---------- DATA SHOWN
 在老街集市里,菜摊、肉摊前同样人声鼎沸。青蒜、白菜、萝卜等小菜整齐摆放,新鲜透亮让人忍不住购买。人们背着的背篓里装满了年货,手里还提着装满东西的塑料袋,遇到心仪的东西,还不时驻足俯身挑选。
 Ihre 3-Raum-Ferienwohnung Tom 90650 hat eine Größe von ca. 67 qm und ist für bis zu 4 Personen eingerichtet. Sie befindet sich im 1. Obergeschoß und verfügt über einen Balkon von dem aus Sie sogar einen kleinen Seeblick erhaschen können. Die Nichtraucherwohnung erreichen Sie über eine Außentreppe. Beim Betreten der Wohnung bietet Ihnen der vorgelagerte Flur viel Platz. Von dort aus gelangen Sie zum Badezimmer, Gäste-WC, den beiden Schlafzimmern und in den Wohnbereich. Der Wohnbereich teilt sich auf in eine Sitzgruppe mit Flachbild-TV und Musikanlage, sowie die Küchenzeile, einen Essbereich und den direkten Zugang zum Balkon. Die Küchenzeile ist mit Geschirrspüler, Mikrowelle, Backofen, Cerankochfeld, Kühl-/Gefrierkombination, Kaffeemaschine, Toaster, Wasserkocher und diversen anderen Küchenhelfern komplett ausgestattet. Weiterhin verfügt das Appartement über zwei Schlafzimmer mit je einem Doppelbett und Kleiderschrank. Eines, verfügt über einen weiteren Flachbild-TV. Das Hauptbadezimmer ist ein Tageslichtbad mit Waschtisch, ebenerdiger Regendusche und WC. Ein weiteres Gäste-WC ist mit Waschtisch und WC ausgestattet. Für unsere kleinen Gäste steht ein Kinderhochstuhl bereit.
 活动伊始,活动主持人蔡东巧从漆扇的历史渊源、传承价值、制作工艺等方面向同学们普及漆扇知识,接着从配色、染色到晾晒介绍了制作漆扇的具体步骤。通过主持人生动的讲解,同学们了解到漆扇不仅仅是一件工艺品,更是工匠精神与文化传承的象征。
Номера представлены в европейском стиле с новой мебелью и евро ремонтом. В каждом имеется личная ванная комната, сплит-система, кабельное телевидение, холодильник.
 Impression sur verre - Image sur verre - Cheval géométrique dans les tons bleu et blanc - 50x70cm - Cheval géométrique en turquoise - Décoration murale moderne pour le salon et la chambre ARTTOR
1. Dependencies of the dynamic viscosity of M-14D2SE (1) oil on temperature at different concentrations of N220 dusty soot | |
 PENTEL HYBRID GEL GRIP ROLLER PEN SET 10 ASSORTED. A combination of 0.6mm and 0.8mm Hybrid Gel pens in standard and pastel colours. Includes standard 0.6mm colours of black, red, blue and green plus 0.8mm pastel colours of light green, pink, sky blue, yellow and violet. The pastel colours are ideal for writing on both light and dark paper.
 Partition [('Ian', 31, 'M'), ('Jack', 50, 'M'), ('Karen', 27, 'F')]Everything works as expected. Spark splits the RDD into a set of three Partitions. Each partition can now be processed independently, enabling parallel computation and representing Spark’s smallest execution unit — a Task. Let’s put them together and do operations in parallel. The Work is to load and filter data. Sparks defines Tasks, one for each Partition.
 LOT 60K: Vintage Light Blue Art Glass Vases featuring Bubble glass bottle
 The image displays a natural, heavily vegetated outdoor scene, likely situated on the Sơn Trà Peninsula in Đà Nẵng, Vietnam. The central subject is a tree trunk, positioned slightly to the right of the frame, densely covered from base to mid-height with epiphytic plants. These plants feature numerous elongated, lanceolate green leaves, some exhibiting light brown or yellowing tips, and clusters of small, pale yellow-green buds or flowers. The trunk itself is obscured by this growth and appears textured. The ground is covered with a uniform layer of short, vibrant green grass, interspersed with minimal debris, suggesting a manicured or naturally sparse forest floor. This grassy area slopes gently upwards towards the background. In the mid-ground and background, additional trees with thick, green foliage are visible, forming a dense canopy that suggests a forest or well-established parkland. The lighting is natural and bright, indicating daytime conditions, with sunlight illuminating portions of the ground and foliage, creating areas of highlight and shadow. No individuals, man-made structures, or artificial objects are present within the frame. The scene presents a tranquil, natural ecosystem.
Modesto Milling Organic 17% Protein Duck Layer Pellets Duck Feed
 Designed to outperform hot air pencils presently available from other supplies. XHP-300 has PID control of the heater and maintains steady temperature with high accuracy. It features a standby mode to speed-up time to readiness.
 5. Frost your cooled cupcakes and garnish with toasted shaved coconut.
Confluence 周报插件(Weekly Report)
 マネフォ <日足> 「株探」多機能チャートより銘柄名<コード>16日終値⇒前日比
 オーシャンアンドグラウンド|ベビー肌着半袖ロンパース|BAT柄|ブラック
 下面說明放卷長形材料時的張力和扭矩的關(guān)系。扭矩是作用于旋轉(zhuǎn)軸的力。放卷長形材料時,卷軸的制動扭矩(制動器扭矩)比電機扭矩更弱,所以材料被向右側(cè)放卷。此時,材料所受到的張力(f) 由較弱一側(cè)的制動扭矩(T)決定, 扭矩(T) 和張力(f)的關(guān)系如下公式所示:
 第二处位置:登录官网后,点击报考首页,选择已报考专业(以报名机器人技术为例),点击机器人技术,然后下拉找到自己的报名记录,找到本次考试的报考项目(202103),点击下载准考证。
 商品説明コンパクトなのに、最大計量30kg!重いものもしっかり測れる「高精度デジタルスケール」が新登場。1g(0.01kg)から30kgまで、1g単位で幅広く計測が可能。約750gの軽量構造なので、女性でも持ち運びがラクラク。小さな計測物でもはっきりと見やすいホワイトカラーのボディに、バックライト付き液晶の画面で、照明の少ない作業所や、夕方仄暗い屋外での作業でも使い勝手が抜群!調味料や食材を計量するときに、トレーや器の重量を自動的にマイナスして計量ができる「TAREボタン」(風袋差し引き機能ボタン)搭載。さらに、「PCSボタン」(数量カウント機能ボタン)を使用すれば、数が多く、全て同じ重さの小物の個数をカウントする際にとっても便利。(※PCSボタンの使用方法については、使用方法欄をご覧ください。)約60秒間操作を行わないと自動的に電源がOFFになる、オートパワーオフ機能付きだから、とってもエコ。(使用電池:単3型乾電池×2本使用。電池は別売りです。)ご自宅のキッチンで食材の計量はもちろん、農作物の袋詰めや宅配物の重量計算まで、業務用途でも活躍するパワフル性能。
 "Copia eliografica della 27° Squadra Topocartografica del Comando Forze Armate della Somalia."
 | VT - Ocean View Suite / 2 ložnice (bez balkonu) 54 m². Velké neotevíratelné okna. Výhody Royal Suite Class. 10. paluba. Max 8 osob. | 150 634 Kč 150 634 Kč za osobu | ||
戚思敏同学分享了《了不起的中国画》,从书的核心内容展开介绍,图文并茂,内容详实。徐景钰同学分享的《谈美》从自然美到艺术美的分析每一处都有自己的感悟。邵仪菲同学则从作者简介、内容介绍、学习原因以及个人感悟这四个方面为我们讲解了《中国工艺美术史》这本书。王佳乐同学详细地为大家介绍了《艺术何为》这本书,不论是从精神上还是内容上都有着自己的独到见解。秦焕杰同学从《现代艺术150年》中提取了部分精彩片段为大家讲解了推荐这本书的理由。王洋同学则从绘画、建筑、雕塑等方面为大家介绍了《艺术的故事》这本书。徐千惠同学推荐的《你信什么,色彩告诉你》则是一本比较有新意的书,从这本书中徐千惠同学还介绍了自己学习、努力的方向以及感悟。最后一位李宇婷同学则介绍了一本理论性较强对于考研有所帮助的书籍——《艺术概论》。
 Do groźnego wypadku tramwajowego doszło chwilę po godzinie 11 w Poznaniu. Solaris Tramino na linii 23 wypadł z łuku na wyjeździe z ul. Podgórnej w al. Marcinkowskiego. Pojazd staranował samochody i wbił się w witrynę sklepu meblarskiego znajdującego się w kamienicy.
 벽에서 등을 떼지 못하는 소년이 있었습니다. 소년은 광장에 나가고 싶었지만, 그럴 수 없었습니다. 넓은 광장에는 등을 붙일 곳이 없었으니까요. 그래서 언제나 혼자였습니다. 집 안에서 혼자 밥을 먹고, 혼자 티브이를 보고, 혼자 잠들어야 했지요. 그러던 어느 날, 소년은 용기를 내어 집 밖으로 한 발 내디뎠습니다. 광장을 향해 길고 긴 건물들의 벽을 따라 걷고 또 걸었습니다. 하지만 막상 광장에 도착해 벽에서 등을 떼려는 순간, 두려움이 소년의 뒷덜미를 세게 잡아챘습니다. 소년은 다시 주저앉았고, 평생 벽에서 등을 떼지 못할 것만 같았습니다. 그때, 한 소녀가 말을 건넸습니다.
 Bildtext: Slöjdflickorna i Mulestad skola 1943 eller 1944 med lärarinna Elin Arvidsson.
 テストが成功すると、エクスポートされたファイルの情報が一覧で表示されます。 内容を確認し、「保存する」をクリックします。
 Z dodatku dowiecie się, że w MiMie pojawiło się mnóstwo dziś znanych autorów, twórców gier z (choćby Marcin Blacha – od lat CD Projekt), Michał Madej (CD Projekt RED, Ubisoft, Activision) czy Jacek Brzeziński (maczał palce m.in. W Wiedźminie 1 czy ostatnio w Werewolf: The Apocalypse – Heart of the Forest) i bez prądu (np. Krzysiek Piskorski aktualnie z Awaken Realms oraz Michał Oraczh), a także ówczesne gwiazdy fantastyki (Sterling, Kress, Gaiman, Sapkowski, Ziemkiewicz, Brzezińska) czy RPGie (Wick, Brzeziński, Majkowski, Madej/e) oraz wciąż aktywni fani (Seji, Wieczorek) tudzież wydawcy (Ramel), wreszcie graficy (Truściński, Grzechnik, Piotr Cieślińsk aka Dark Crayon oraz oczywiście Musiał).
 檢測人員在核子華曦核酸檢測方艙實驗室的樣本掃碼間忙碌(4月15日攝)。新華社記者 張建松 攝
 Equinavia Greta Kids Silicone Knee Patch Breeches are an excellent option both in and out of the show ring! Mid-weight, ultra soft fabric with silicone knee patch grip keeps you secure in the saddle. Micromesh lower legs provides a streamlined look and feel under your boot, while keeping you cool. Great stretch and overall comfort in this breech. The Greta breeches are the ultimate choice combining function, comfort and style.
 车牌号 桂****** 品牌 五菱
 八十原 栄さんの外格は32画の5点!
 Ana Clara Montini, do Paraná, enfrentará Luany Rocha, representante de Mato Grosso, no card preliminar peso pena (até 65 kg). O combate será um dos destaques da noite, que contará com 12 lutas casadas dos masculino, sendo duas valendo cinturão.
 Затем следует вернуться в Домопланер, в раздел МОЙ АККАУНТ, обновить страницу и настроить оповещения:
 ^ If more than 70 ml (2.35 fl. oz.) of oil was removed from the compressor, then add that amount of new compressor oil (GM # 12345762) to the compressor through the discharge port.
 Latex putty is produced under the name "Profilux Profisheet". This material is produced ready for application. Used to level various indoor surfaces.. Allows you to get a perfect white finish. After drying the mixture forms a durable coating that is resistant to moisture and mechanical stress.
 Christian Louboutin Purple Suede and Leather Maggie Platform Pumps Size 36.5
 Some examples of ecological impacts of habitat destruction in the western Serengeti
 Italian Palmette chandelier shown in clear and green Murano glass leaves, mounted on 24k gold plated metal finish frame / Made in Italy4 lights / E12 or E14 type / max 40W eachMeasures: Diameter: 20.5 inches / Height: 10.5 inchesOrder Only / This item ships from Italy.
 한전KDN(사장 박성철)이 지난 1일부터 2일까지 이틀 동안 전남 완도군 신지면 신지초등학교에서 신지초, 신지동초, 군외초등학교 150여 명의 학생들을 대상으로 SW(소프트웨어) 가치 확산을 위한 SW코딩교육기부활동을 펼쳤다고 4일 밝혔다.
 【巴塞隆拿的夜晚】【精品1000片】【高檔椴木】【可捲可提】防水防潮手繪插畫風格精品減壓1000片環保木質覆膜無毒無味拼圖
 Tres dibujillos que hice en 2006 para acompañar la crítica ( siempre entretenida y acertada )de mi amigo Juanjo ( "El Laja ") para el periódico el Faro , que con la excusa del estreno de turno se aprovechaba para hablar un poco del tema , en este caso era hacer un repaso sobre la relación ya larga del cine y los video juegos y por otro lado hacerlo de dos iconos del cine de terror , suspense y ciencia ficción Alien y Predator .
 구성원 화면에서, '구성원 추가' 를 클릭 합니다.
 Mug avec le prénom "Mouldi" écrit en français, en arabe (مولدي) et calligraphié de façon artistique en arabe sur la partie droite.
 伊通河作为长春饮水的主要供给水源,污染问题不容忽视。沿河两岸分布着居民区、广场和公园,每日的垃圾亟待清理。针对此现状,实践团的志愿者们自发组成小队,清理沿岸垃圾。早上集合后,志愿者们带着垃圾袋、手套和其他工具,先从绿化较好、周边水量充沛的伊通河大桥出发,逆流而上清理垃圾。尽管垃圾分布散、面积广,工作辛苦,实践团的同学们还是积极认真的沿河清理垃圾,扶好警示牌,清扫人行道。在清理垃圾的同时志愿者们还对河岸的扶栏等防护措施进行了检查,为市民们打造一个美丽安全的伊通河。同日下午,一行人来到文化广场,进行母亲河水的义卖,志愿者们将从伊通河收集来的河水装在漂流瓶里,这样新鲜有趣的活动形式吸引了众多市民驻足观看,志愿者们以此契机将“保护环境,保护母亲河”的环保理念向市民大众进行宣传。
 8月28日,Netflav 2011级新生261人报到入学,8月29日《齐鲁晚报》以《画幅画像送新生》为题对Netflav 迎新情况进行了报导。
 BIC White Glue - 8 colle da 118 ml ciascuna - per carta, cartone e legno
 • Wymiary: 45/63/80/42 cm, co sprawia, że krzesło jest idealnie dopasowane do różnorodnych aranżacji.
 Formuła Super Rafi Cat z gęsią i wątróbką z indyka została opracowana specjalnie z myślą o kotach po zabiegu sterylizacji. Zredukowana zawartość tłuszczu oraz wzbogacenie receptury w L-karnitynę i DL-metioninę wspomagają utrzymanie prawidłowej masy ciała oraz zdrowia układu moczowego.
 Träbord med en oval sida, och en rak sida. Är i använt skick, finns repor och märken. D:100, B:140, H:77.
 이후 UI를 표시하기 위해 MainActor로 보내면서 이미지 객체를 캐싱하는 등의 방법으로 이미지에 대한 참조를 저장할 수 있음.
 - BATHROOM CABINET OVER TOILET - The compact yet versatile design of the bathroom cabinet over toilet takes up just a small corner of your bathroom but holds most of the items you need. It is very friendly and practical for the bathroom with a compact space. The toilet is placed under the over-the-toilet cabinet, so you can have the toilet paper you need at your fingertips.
--------------------
### WHAT IS BEING ASKED
Reproduce each line from the listing above that includes the word "glass".

### WORKED SOLUTION
 LOT 60K: Vintage Light Blue Art Glass Vases featuring Bubble glass bottle
 Italian Palmette chandelier shown in clear and green Murano glass leaves, mounted on 24k gold plated metal finish frame / Made in Italy4 lights / E12 or E14 type / max 40W eachMeasures: Diameter: 20.5 inches / Height: 10.5 inchesOrder Only / This item ships from Italy.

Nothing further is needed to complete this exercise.